Your goal -
Beginning with the top line of the listing below, give again every line up to and including the line with "This breathtaking 6-bedroom, 6.5-bath"; pictures do not belong in the copy.

Input data -
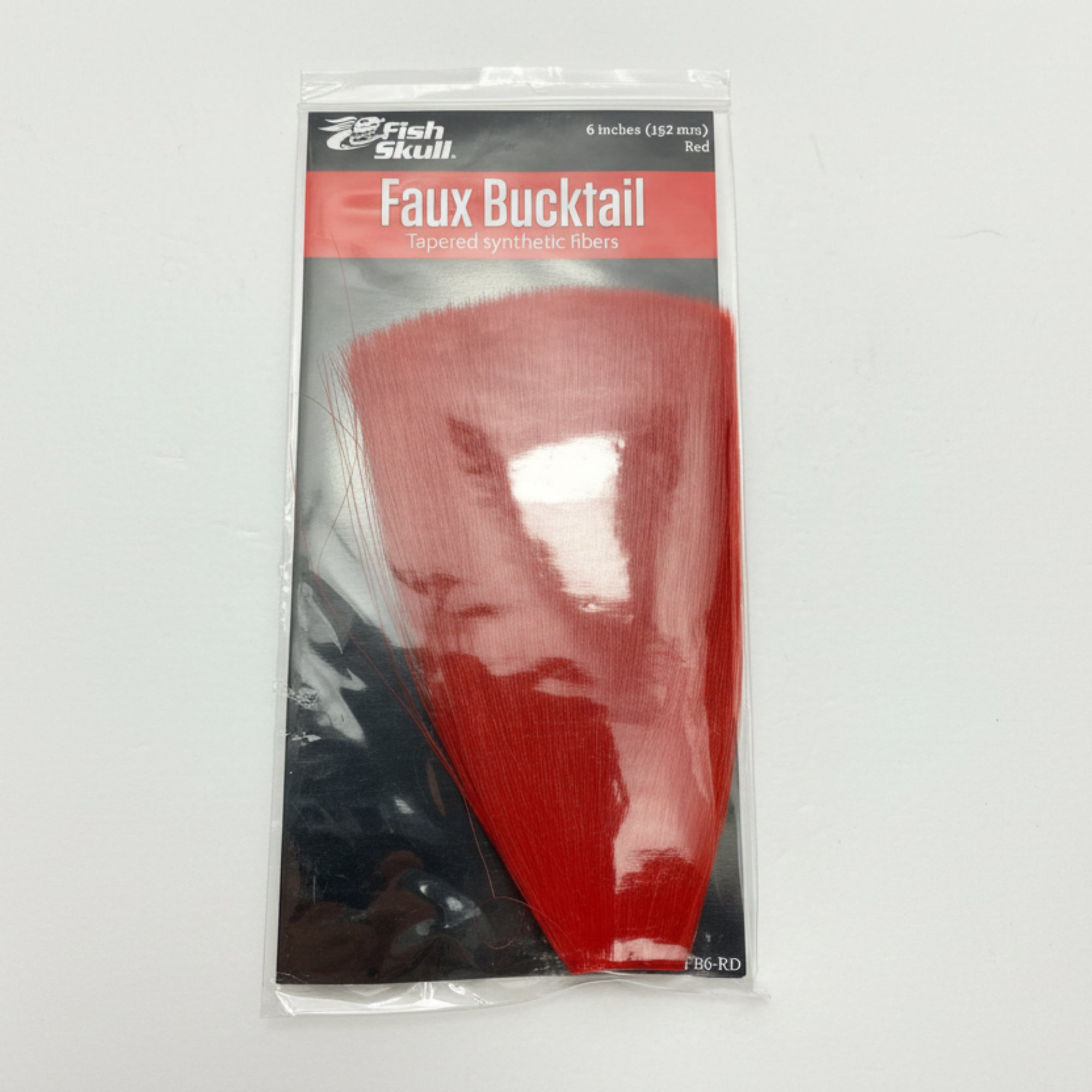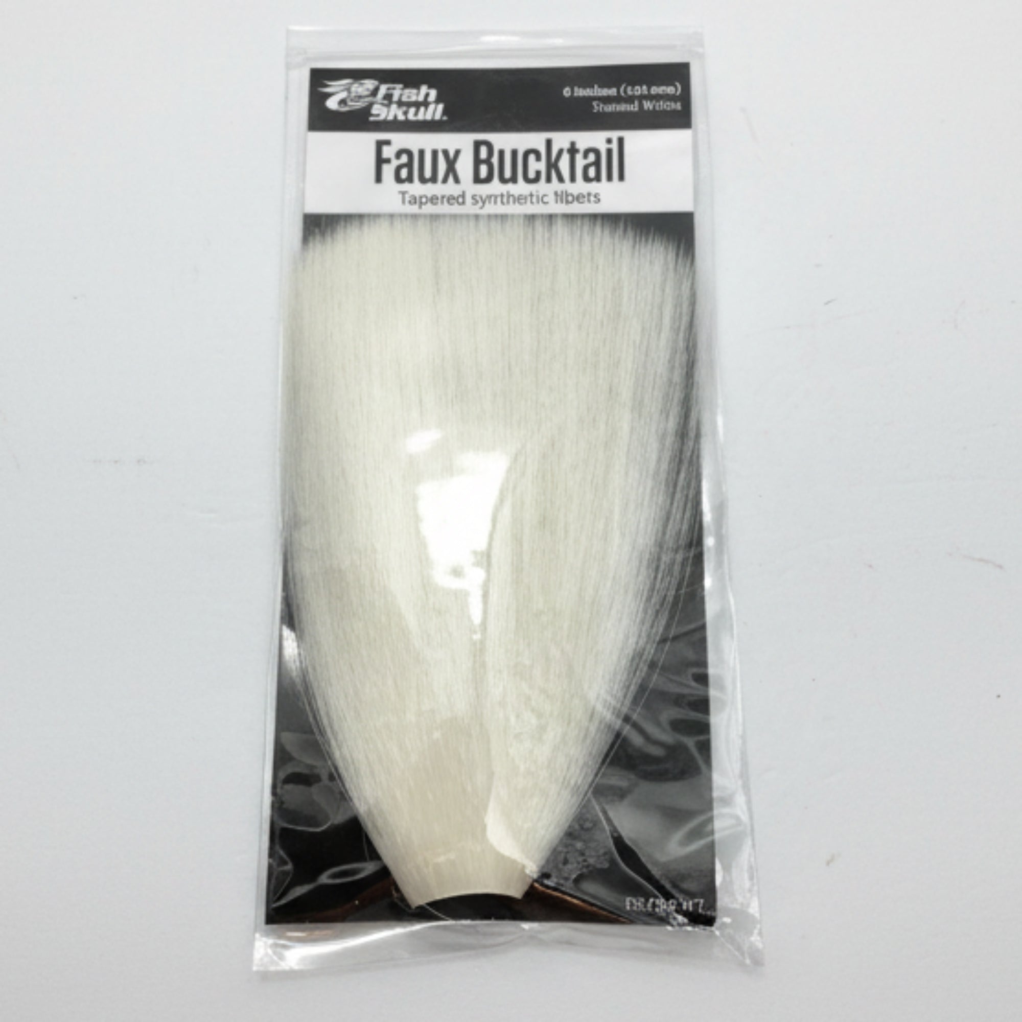 Fish-Skull Faux Bucktail fibers have the same basic diameter, gentle crinkle, and taper as natural bucktail. In appearance, it looks almost identical and has the same distinctive bucktail fly or lure action in the water. However, the fibers are not hollow (which helps your fly sink faster) and will not “flare” in the same way as regular bucktail while tying. This means you will need to tie with slightly different techniques to achieve the same effect.
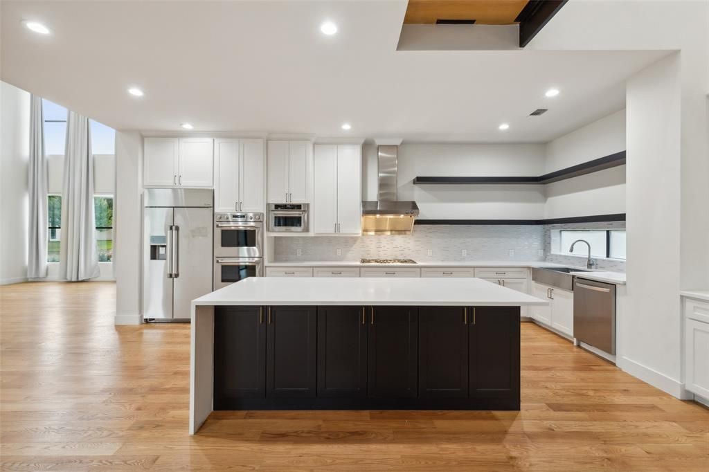 This breathtaking 6-bedroom, 6.5-bath Dallas home is a masterpiece of modern elegance, thoughtfully designed with luxurious touches and filled with natural light. From the moment you enter, you'll be captivated by the inviting atmosphere and sophisticated style. The open living room features a soaring ceiling and expansive windows that anchor the versatile floorplan, creating a bright and welcoming space at the heart of the home. The enviable chef's kitchen boasts a massive island, quartz countertops, built-in stainless steel appliances, and recessed lighting, providing ample prep space and functionality. The serene primary bedroom suite on the main floor is a private retreat, featuring a spa-like ensuite bath with dual sinks, a separate shower, and a spacious walk-in closet. Upstairs, find additional spacious bedrooms and bathrooms, along with a family room ideal for gatherings or relaxing. The downstairs guest bedroom with its own bath and large closet offers comfort and convenience for visitors. The cozy media room offers versatility and can easily be transformed into a home gym or creative space. Abundance of storage throughout! Outside, enjoy a private backyard with a large covered patio opens to Northaven Trail"”perfect for unwinding or entertaining. Additional upgrades include fence and semi-circle driveway. Situated in an excellent location near parks, shopping, dining, and entertainment, this stunning property invites you to experience Dallas living in style. Don't miss your chance to call this impressive home yours! 3D tour is available online.
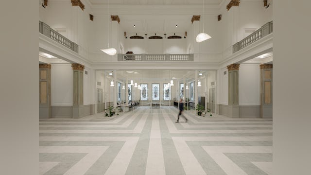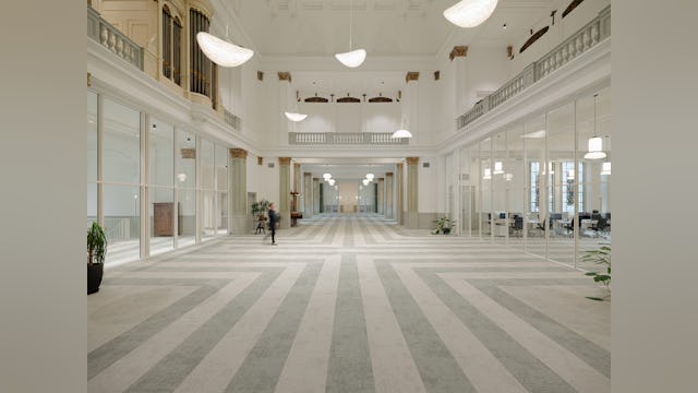 Door een respectvolle inpassing van ingetogen witte puien en wanden aangevuld met een karakteristiek labyrintisch vloerpatroon in groengrijze kleuren naadloos passend bij de originele kleuren is een interieur ontstaan dat een symbiose vormt met het authentieke kerkinterieur uit 1866. Het ‘labyrint’ geeft een ziel aan de ruimte en verbeeldt het proces van de behandelingen die hier aangeboden worden die de cliënten helpen om ‘hun weg terug te vinden’.
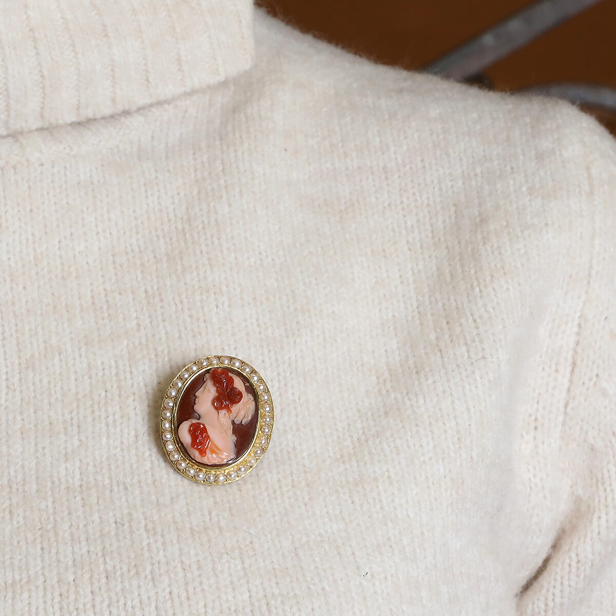 Sardonyx, mabe pearls and gold Cameo brooch
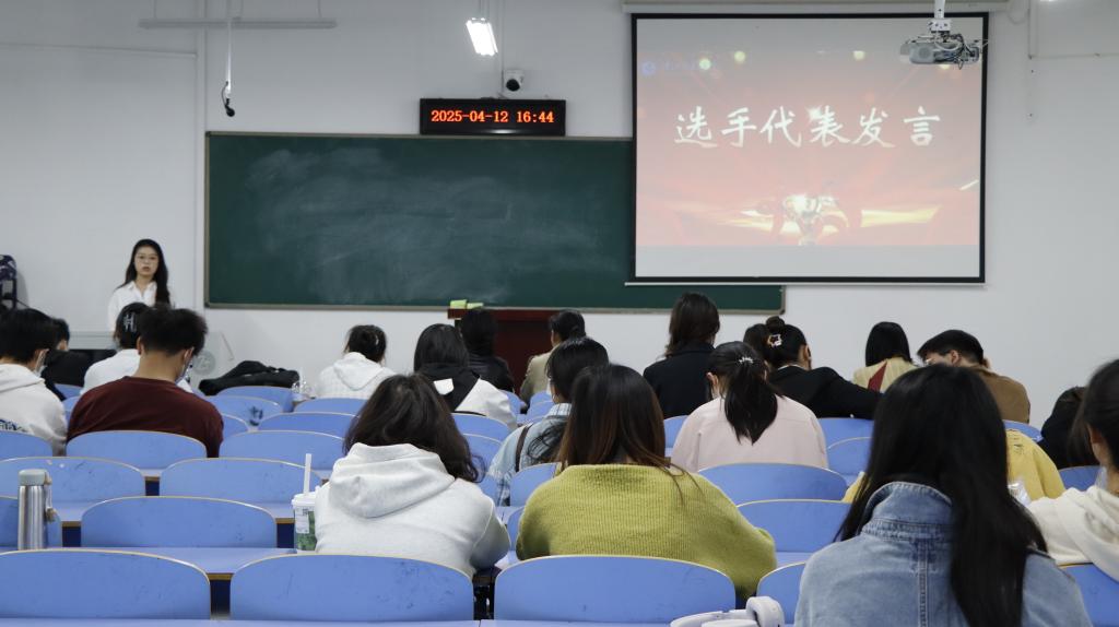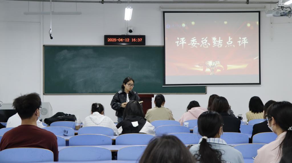 雷老师点评结束后,荣获一等奖第一名的郑金伶同学作为参赛选手代表进行发言,她与大家分享了自己在参赛过程中的收获和经验,为其他同学提供了有益的参考和借鉴。
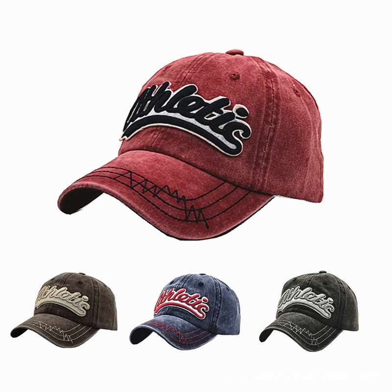Men's Washed Baseball Cap with Duckbill Style, Embroidered Lettering, Sun Protection, and Windproof
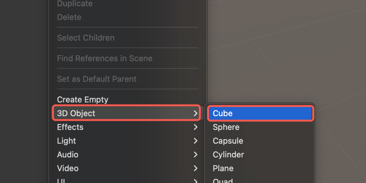 2. 在Hierarchy面板在单击右键,在弹出的面板中选择 3D Object->Cube,创建一个Cube对象。
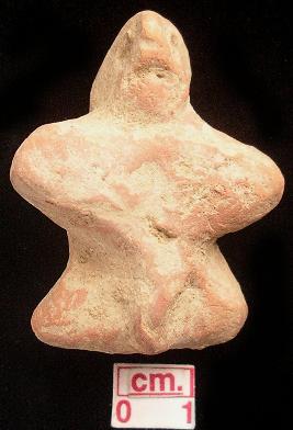 | Description / विवरण | A terracotta archaic human figurine with round head, pinched nose, punched eyes, slit open mouth, short out stretched stumpy arms, short wide bridged stumpy legs, punched navel, phallus indicated, hadmade. |
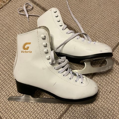 Ingrid lasten luistimet, koko 36, väri valkoinen. Pohjallisen sisämitta 24cm. Mukaan itse ommellut teräsuojat
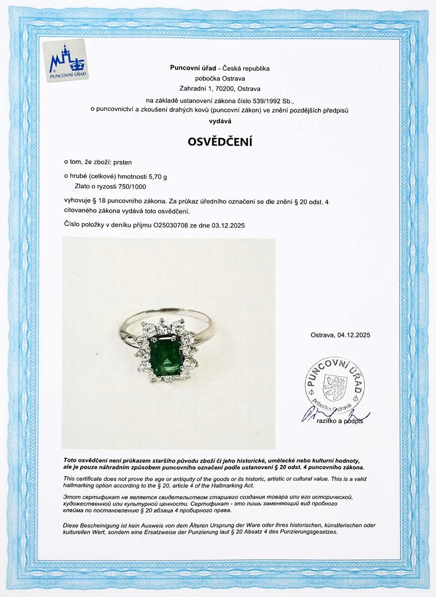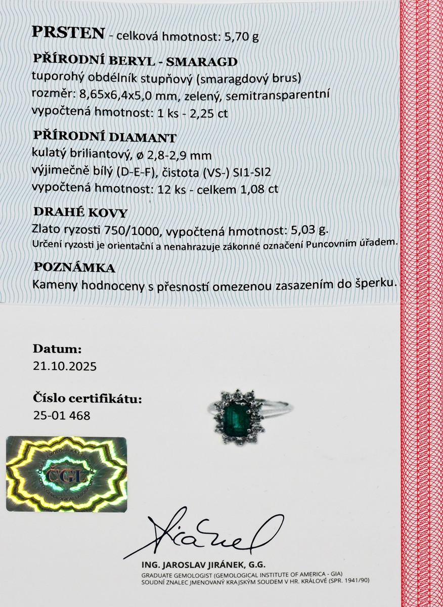 – 1 ks přírodní smaragd, celkem 2,25 ct, tuporohý obdélník stupňový, zelený, semitransparentní, rozměr 8,65×6,4×5,0 mm

Solution for this task -
 Fish-Skull Faux Bucktail fibers have the same basic diameter, gentle crinkle, and taper as natural bucktail. In appearance, it looks almost identical and has the same distinctive bucktail fly or lure action in the water. However, the fibers are not hollow (which helps your fly sink faster) and will not “flare” in the same way as regular bucktail while tying. This means you will need to tie with slightly different techniques to achieve the same effect.
 This breathtaking 6-bedroom, 6.5-bath Dallas home is a masterpiece of modern elegance, thoughtfully designed with luxurious touches and filled with natural light. From the moment you enter, you'll be captivated by the inviting atmosphere and sophisticated style. The open living room features a soaring ceiling and expansive windows that anchor the versatile floorplan, creating a bright and welcoming space at the heart of the home. The enviable chef's kitchen boasts a massive island, quartz countertops, built-in stainless steel appliances, and recessed lighting, providing ample prep space and functionality. The serene primary bedroom suite on the main floor is a private retreat, featuring a spa-like ensuite bath with dual sinks, a separate shower, and a spacious walk-in closet. Upstairs, find additional spacious bedrooms and bathrooms, along with a family room ideal for gatherings or relaxing. The downstairs guest bedroom with its own bath and large closet offers comfort and convenience for visitors. The cozy media room offers versatility and can easily be transformed into a home gym or creative space. Abundance of storage throughout! Outside, enjoy a private backyard with a large covered patio opens to Northaven Trail"”perfect for unwinding or entertaining. Additional upgrades include fence and semi-circle driveway. Situated in an excellent location near parks, shopping, dining, and entertainment, this stunning property invites you to experience Dallas living in style. Don't miss your chance to call this impressive home yours! 3D tour is available online.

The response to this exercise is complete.